All this and more was offered at the Leadership Seminar in C103 last week on Feb. 21.
Jose “Skip” Sampelayo, advisor of the Rotaract Club, led the seminar as part of the Leadership Institute.
The Leadership Institute sponsors two retreats a year, both of them free of charge. In midwinter, it goes for a day in the cafeteria featuring a guest speaker. Spring quarter includes a four-day retreat at Camp Casey. Both are “open to everyone,” said Sampelayo.
Sampelayo also encourages the workshop students to attend the Students of Color conference, which takes place in Yakima. This event is also free, and applications are available in the Student Programs office.
The first acronym Sampelayo covered is T.E.A.M.: Together Everyone Achieves More.
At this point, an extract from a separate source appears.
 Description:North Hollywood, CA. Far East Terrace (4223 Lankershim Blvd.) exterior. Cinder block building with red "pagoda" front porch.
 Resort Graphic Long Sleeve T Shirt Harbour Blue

Students brainstormed words that come to mind with “team,” including collaboration, cooperation, “pooling resources,” sports, success, winning, leaders, goals, responsibility, and accountability.
He referenced Boeing, where he used to work, saying that, “The acronym we used there was R.A.A., for Respect, Accountability, and Authority. Teams generally fail when they don’t understand the importance of this.”
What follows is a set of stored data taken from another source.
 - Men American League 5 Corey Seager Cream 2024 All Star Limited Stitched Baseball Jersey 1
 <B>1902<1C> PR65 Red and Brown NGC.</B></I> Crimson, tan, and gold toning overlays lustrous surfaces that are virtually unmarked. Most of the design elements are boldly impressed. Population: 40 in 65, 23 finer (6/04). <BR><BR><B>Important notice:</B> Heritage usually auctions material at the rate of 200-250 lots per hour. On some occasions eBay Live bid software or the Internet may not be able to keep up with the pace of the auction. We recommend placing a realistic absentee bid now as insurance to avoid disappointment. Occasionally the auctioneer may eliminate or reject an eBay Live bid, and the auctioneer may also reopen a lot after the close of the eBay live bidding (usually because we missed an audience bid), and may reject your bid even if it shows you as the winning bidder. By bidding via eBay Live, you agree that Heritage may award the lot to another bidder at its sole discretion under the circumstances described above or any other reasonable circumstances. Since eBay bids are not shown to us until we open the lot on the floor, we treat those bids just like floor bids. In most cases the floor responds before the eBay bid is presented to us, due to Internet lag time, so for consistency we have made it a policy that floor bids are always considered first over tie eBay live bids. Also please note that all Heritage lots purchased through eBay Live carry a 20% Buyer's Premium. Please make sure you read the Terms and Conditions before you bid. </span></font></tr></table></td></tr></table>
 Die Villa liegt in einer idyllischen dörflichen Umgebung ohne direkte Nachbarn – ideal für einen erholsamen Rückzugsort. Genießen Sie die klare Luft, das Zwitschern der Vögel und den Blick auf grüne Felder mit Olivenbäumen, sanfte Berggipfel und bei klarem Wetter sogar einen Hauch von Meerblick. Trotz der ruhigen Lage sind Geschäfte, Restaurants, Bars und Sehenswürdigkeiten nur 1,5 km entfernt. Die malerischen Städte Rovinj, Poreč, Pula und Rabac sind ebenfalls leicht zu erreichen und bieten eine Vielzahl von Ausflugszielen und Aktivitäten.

Next covered was the “Force Field Analysis,” which are the restraining and driving forces for teams.
Restraining factors (which were also brainstormed on) included laziness, lack of cohesiveness, poor communication (barriers), a foggy objective, rudeness/disrespect, and discrimination/stereotypes. Driving factors, or those that made a team successful, included clear, achievable goals, commitment, defined roles/responsibilities, balance, and regard for fellow members.
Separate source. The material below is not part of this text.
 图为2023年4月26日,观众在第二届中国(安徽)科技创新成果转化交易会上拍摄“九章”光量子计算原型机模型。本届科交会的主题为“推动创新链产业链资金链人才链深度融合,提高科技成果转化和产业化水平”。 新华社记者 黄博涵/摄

“You can’t make progress if there are two people that can’t get along.”
Sampelayo stressed, though, that differences in ideas are a good thing. Otherwise, what you get is “groupthink”: a phenomenon in which the entire team is forced to think the same way.
Cited as examples of groupthink are debacles in US history: the Bay of Pigs in Cuba, and the Weapons of Mass Destruction (WMD) in Iraq that were never there.
“These teams failed because they refused to entertain the possibility of failing. For teams to work, they need leaders that will ask their team members, ‘What is plan A, B, and Z?’”
Next came the life cycle of a team, which includes orientation, trust, setting shared goals, gaining commitment, assigning roles, planning, performing, and closing.
“Conflict comes when people want to jump from orientation to performing. It really doesn’t work that way.”
Orientation is when team members are told “why they are here,” and it’s used to identify the skills of team members.
Trust is where regard is built for team members. Planning involves project management, for which students can gain a PMI certification at BC. Emphasis is placed on “closing,” which a lot of people forget to do because they don’t feel the need to review what happened with the plan, or they don’t have the need for recognition. Another important part of closing is the importance of celebrating success and learning a lesson from what happened before, especially if the team is going to undergo a new cycle/plan in the future.
A typical seminar, Skip says, has 16 students. This one had six.
The topic of the next seminar, which takes place Tuesday, March 13, is “Getting to Yes: Negotiation and Influence.” It takes place in room C103 at 1:30-2:30 p.m. Students are encouraged to attend.